また、8月25日に受け付けを開始しているが、すでに申し込みはあるのか?

KNT-CTホールディングスの担当者に聞いた。


――このようなサービスを始めた理由は?

修学旅行などを通じて教育現場の課題に近い位置で向き合ってきた中で、激変するPTA活動を取り巻く環境変化に直面し、そのアウトソーシング(=外部委託)の必要性という課題に気づきました。

それらに対して、「当社グループのリソース」を使って、ワンストップでサービスを提供することで解決できるのではないかという視点で、新たなサービスとして、今回、立ち上げました。


――「当社グループのリソース」というのは、どのようなことを指している?

KNT-CTホールディングスには複数のグループ会社がありますので、今回、ご案内するサービスメニューはそのグループ会社で手配などが可能です。

例えば、今回発表したサービスメニューは、下記の当社のグループ会社がサービスを請け負います。

「印刷・デザイン」「WEBサイト作成」→(株)KNTビジネスクリエイト
「人材派遣」→(株)ツーリストエキスパーツ
「イベント関連の企画・運営・プロデュース」→(株)イベントコンベンションハウス

イベント制作(提供:KNT-CTホールディングス)
イベント制作(提供:KNT-CTホールディングス)

――このサービス、どのような人からの利用を想定している?

基本的には、PTA活動の主体者である保護者の方からの依頼を想定しています。WEBサイト上でどなたでもお申し込みいただけます。


 ――たとえば、PTAの役員をやることになった保護者が、役員としてやるべきことを、全て、このサービスでお願いする場合、年間でどのぐらいのお金がかかる?
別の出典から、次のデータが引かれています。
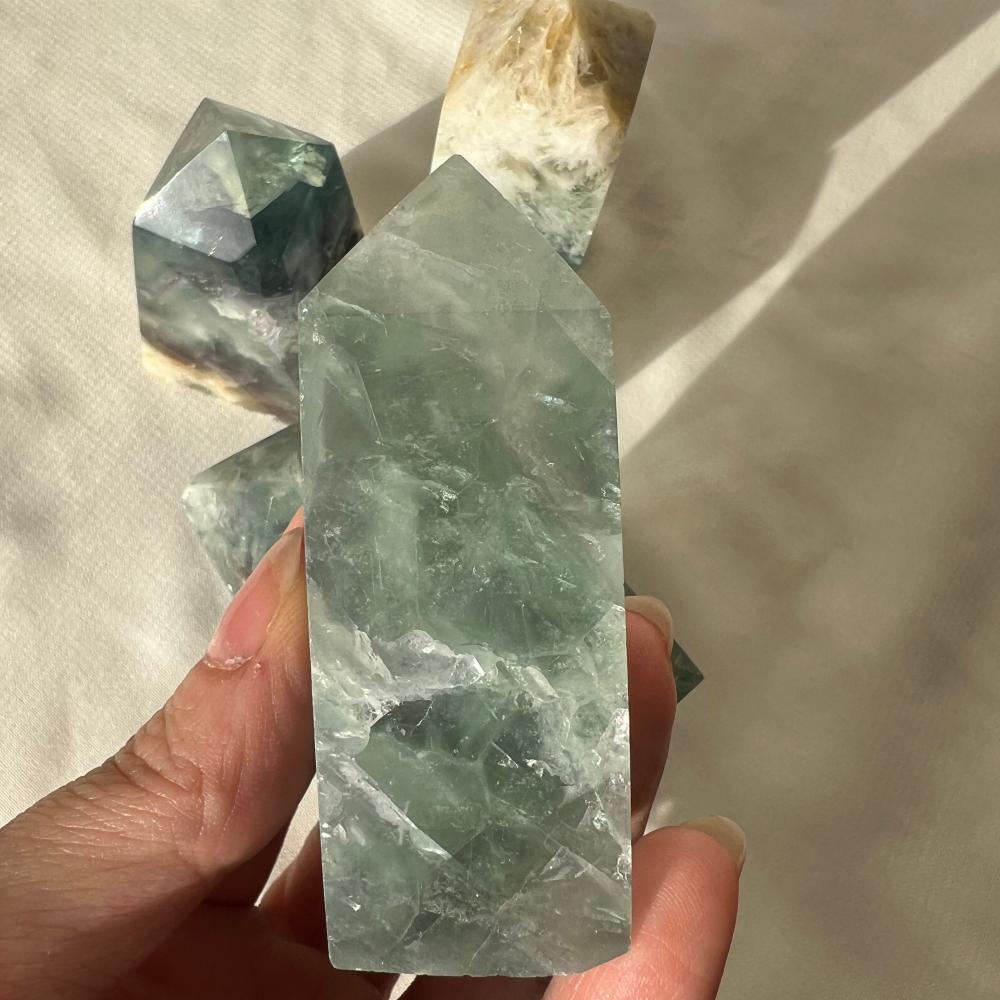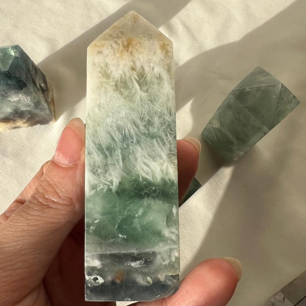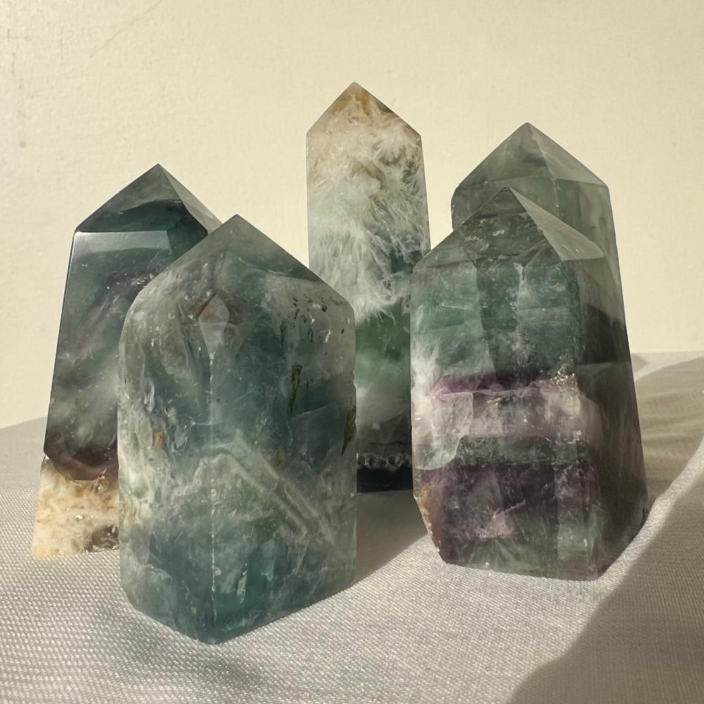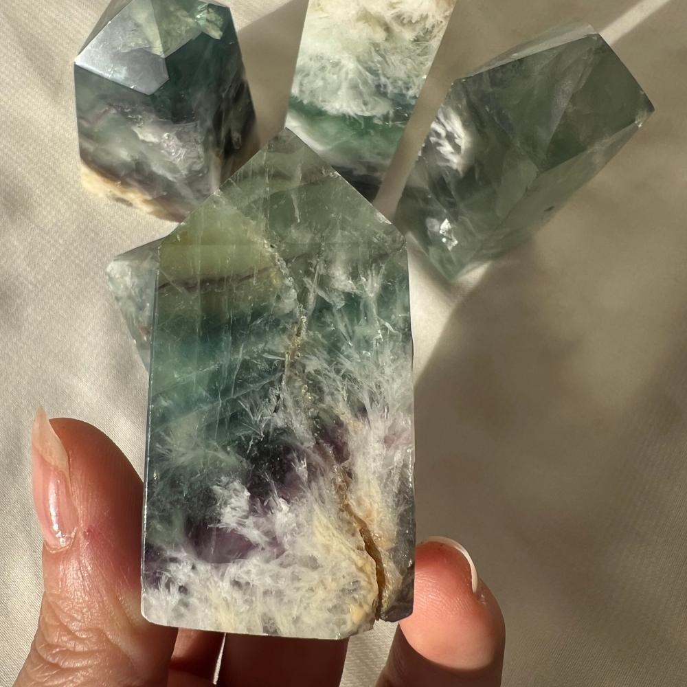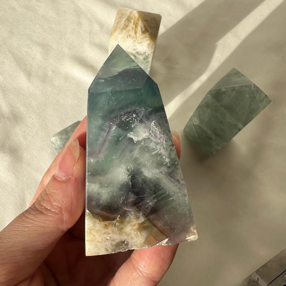 يتميز برج الرينبو فلورايت بتدرجاته اللونية الساحرة بين الأخضر والبنفسجي والأزرق، ويُعتقد أنه يعزز التركيز ويجلب صفاء الذهن. تم صقل هذا البرج بعناية ليضفي طاقة مبهجة ومريحة على أي مساحة.

依頼の内容を伺い、見積もりをさせていただきます。サービス内容と要望、ボリュームなどによって料金は異なってくるので、料金の提示は難しいです。


――すでに申し込みはある?

お問い合わせは、これまでに30件ほど、いただいております。お問い合わせからお申し込みまで、打ち合わせなどでお時間がかかるものも多く、まだ正式なお申し込みには至っていないのが現状です。



子どものために頑張りたいという気持ちはあっても、共働き世帯が増える中、PTA業務をアウトソーシングすることに興味がある人は少なからずいるだろう。料金次第という面もあると思うのでこのサービスがどこまで広がるか今後に注目だ。